Au final, estime Nicolas Mengus, « on peut avoir l’impression que la division Das Reich était une division d’Alsaciens et de criminels alsaciens ».
« En aucun cas, je n’ai voulu porter préjudice aux Alsaciens et je suis d’ailleurs surpris par l’ampleur des protestations », répond Michaël Prazan.
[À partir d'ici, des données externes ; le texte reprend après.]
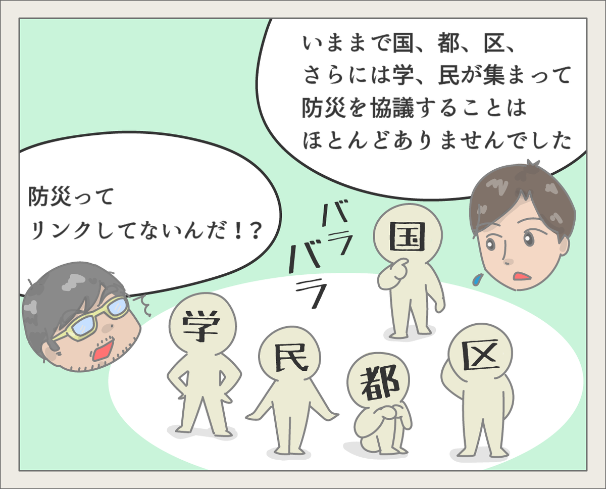── 昨年3月は浸水の話でしたね。新しい避難場所を設計しなおす話に興味を持ったんですが、今回はそこから首都直下地震にテーマが変わったんですか?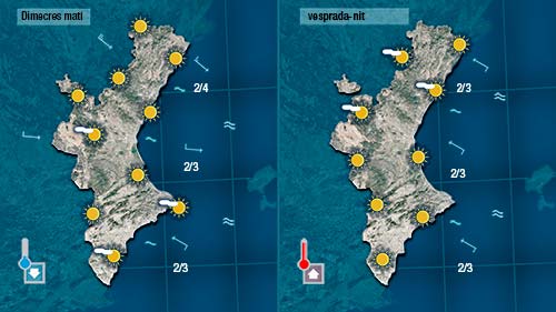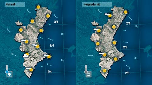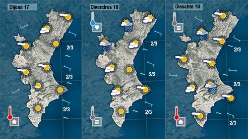 Dijous pujaran un poc tant les temperatures nocturnes com les diürnes i de vesprada augmentarà la nuvolositat al nord i per l’interior. Els núvols creuaran la Comunitat de nord a sud entre divendres i dissabte podent deixar alguna gota al seu pas, sobretot en punts de l’interior.

Le réalisateur reconnaît les erreurs sur les chiffres. « Oui, ils sont trop importants et je vais tenter de reprendre ces passages avant la diffusion sur Arte, pour l’instant prévue le 21 avril. » Ce ne sera pas le cas pour la rediffusion sur France 3, le 28 mars en pleine nuit (3 h 30).
Le documentariste assume, par ailleurs, le choix d’Elimar Schneider comme témoin posthume de cette division SS, tout en ayant précisé qu’il n’était pas volontaire mais bien incorporé de force. « Il est devenu la mémoire française de la division Das Reich qu’il n’a eu de cesse de chercher à réhabiliter », écrit-il en réponse à la réaction de Mme de Cazotte (*).
Nicolas Roquejeoffre
(*) http://www.malgre-nous.eu
Une réaction reçue de Mme Angèle Miss sur la messagerie du site
Bonjour,
Très choquée par la diffusion du reportage sur la division Das Reich le 2 mars sur France 3, et suite à l’article paru dans les D.N.A. le 11 mars, je demande que les rediffusions soient annulées.
Trop d’erreurs sur les Alsaciens, sur les effectifs et surtout sur la totale absence d’explications sur l’incorporation de force… et sur le poids qui pesait sur nos parents et grands-parents en cas de désobéissance.
Par respect de nos parents qui se sont beaucoup battus pour leur liberté et pour redevenir Français, il est insultant pour eux de maintenir cette émission.
Comme Nicolas Mengus, « on peut avoir l’impression que la division Das Reich était une division d’Alsaciens et de criminels alsaciens », ceci est intolérable pour moi.
Je demande la suppression de cette rediffusion.
Angèle Miss
Une réaction reçue de M. André Schneider sur la messagerie du site
En voyant le document en objet diffusé sur France 3, j’ai noté les points litigieux ou discutables dont il est,pour l’essentiel, fait état dans l’article paru ce 10.03.2015 dans les D.N.A.
On peut s’étonner que, le réalisateur admettant ses grosses erreurs et approximations parmi un ensemble quand même très parlant, il soit envisagé de rediffuser le 28 mars la même version. Il me semble qu’une opposition à cette diffusion devrait apparaître.Sans verser dans une censure larvée, il serait peut-être aussi préférable que le réalisateur fasse visionner sa version corrigée avant sa diffusion…
Il serait temps de se sortir avec efficacité de l’esprit « soit-disant Malgré-nous » proprement affligeant.